Each had a lecture/exam component, but it was minor. The classes mostly
centered on a set of programming projects, implementing foundational
components in the topic area from a specification and a skeleton. (IRC server,
TCP stack, IP router, Paxos, Byzantine Generals, Raft, b-trees, query parser,
thread scheduler, syscalls, filesystem, interpreter, RSA, D-H key exchange,
authenticated encrypted channel, concurrency primitives and then concurrent
algorithms that use them, sensor fusion, geometric transformations, shading,
texture mapping, ray tracing, etc). No one I know took _all_ of these classes,
but we all took most of them.

Proofs are theoretical knowledge. Hobbes, Locke, and Rousseau are theoretical
knowledge. I did plenty of that too. This isn't theoretical knowledge, it's
breadth. It's knowing what's involved in the systems adjacent to the code we
write, inside the libraries we rely on. It's an understanding of what problems
they're solving internally, why they might be acting up, and what to do about
it. It's demystifying the rest of the computing environment, pulling back the
curtain on abstractions. It's a whole bunch demonstrated ability to write
complex programs for complex purposes subjected to rigorous test suites, under
far more realistic conditions than any whiteboard interview.

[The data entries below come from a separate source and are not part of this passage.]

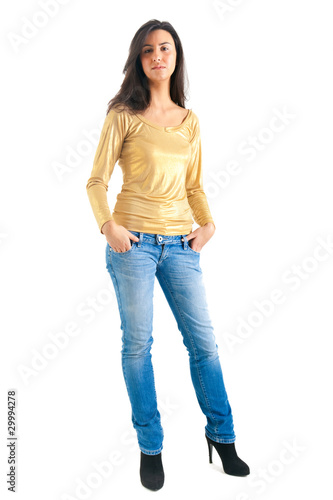 woman, girl, beautiful, lenght, full, young, isolated, white, fashion, attractive, background, beauty, brown, caucasian, copy space, cute, elegance, elegant, female, glamour, hair, coiffure, long, model, 1, portrait, pretty, sensuality, teenage, teenage, vertical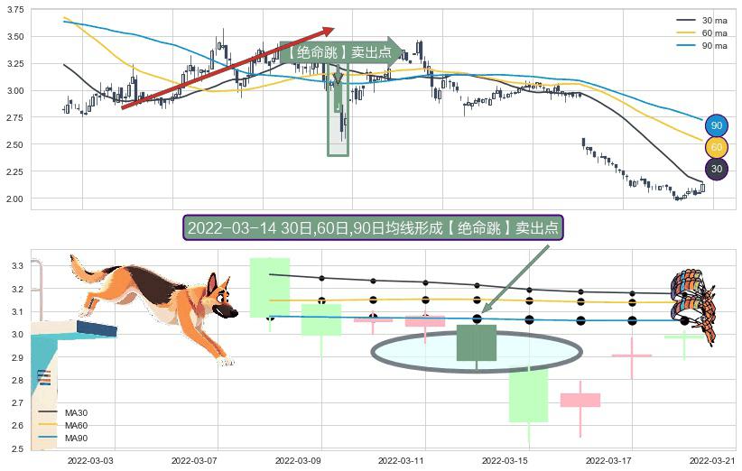 ⚀ 2022-03-14日显现 30日-60日-90日均线 【绝命跳】卖出点 看空信号,后市看跌,卖出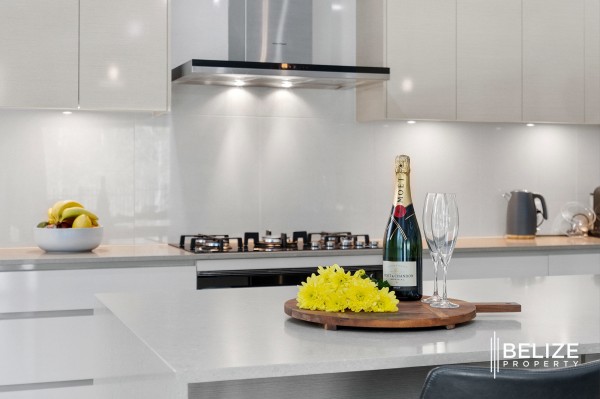 * Beautifully appointed kitchen with premium 900ml Fisher & Paykel oven, gas on glass hot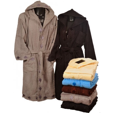 Accappatoio in 100% cotone, morbido e asciuga rapidamente, con ricamo su tutta la balza. Disponibile in vari colori. Taglie: S-M-L-XL-XXL. Peso: 450g/m2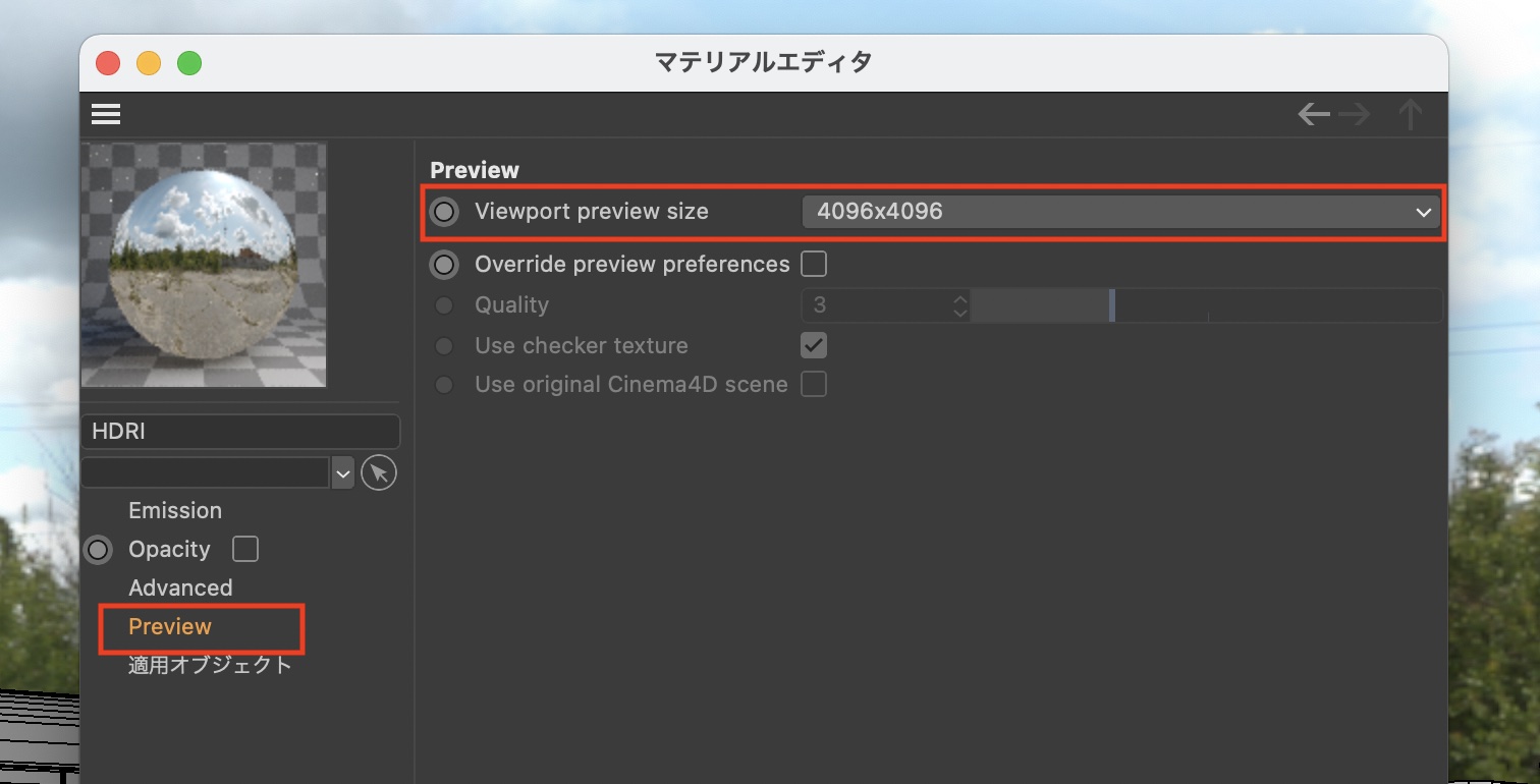 HDRI画像の解像度(テクスチャプレビューサイズ)を変更したい場合はマテリアルエディタの「Preview」の項目にある「Viewport preview size」から行うことが出来ます。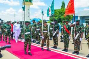 After inspecting a Guard of Honour by military personnel, the Gambian leader proceeded to Daura to condole with the Buhari family and the Emir of Daura (Dr.) Umar Faruq Umar.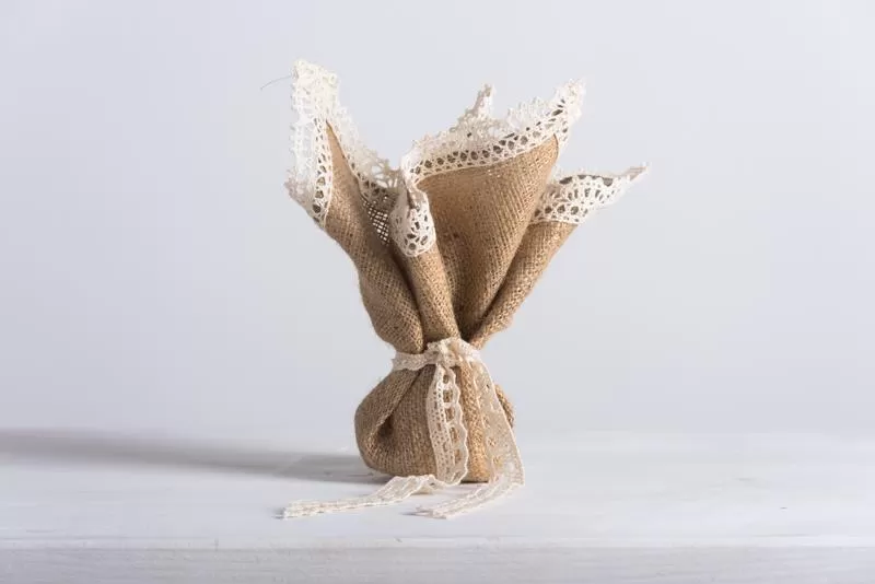 Κατασκευασμένο από ύφασμα με φυσικά νήματα ιούτης και διακοσμημένο με πλεκτή βαμβακερή δαντέλα

A few years of on-the-job training will teach you what matters for your
specific job, right now.

Though we didn't have such a class, a degree capstone might have been "given a
CPU emulator, write a secure distributed database engine on your network stack
in your SML interpreter on your operating system." It wouldn't have the
performance optimizations that modern, widely-used components have accumulated
over the last half-century, but it would work.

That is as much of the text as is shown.